Conventionally, as a method for producing an organophosphorus compound represented by the general formula [3], 9,10-dihydro-9-oxa-10-phosphaphenanthrene-10-oxide and 3,5-di-t-butyl are used. A method of reacting -4-hydroxybenzyl alcohol with no catalyst or in the presence of an acidic catalyst (see Patent Document 1, etc.), or 9,10-dihydro-9-oxa-10-phosphaphenanthrene-10-oxide and 2, A method in which 6-dimethyl-3-hydroxy-4-tert-butyl-benzyl chloride is subjected to dehydrochlorination condensation in the presence of a basic compound such as ammonia, an amine and a metal carbonate (see Patent Document 2, etc.), 9, 10-dihydro-9-oxa-10-phosphaphenanthrene-10-oxide and 3,5-di-t-butyl-4-hydroxybenzylmethylate A method of reacting under uncatalyzed or acid catalyst bets (see Patent Document 3) are known.
JP 47-16479 A JP-A-56-115383 JP 2001-302585 A

However, 3,5-di-t-butyl-4-hydroxybenzyl alcohol used in the method described in Patent Document 1 is a compound that has a low yield, is expensive, and is unstable in its production.
Even in the reaction with 9,10-dihydro-9-oxa-10-phosphaphenanthrene-10-oxide, a large amount of by-products such as a dimer of the benzyl alcohol compound are produced. If a by-product such as a dimer of benzyl alcohol or unreacted 3,5-di-t-butyl-4-hydroxybenzyl alcohol remains in the system, the yield of the target compound is lowered. Furthermore, such benzyl alcohol compounds are difficult to remove by operations such as washing with water and recrystallization, and complicated purification such as vacuum distillation is required. As described above, the method described in Patent Document 1 has problems that complicated purification is required and the yield of the target compound is low.

  Moreover, in the method of patent document 2, when ammonia or amine is used as a basic compound, there exists a problem that a yield is low, since the reaction promotion effect is low. Further, when a metal carbonate is used, a hydrolysis reaction occurs between water produced by a neutralization reaction with hydrochloric acid gas and 2,6-dimethyl-3-hydroxy-4-t-butyl-benzyl chloride, Since a large amount of benzyl alcohol compound is by-produced, there is a problem that complicated purification such as distillation under reduced pressure is necessary for the same reason as Patent Document 1, and the yield is low.

  Furthermore, in the method described in Patent Document 3, 3,5-di-t-butyl-4-hydroxybenzylmethyl ether used as a raw material has a low yield and is expensive in its production. If the alcohols as reaction by-products are not recovered and removed by distillation or the like, the yield is low, which is economically disadvantageous.

  In view of the above circumstances, the present invention has almost no safety and health and environmental problems, and organic phosphorus compounds useful as stabilizers and flame retardants can be obtained efficiently and with high purity and high yield without complicated purification. The present invention has been made for the purpose of providing a method for producing an organophosphorus compound.
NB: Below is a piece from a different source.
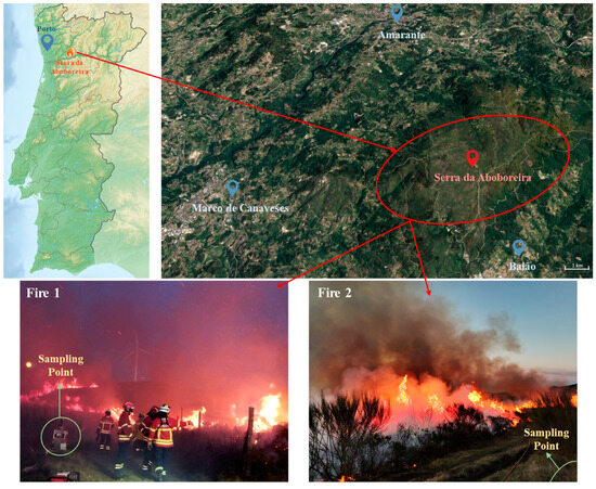Geographical localization of Serra da Aboboreira (Porto, north of Portugal) where prescribed Fire 1 and Fire 2 occurred.

  As a result of intensive studies to solve the above problems, the present inventors have found that an organophosphorus compound represented by the following general formula [1] and a benzyl halide compound represented by the following general formula [2] Is reacted in the presence of a metal phosphate, and the desired organic phosphorus compound represented by the following general formula [3] is efficiently obtained in high purity and high yield without complicated purification. Based on this finding, the present invention has been completed.
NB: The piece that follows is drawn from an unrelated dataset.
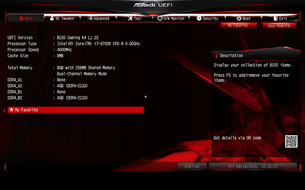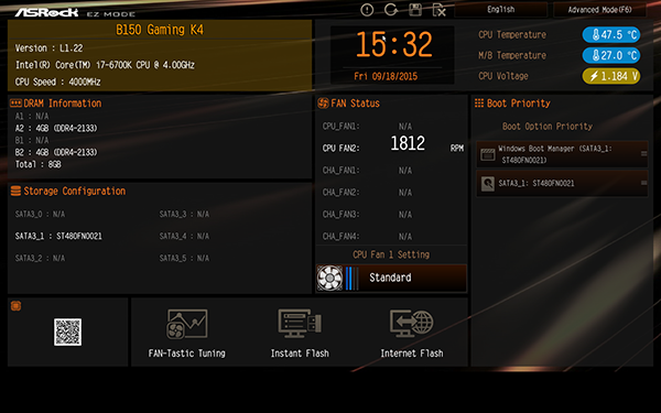 Итак, рассмотрим UEFI BIOS на плате ASRock Fatal1ty B150 Gaming K4 немного подробнее.

(In the formula, R ¹ and R ² are the same or different and represent a lower alkyl group, a cycloalkyl group, an aryl group or an aralkyl group which may have a substituent. R ^{3 to} R ⁷ are the same or Differently, it represents a hydrogen atom, an alkyl group having 1 to 6 carbon atoms, an optionally substituted cycloalkyl group, an aralkyl group or a hydroxyl group, X represents a halogen atom, and n and m are 0 to 4; Is an integer.)

  In this invention, it is preferable to use 0.1-5 mol of metal phosphates with respect to 1 mol of organophosphorus compounds represented by General formula [1].

  In the present invention, it is preferable to react 1 to 10 moles of the benzyl halide compound represented by the general formula [2] with respect to 1 mole of the organic phosphorus compound represented by the general formula [1].

  In the present invention, the organophosphorus compound represented by the general formula [1] is preferably 9,10-dihydro-9-oxa-10-phosphaphenanthrene-10-oxide, and represented by the general formula [2] The represented benzyl halide compound is preferably benzyl chloride.

  Furthermore, in the present invention, the metal phosphate used in the reaction is preferably trisodium phosphate, tripotassium phosphate, or a mixture thereof.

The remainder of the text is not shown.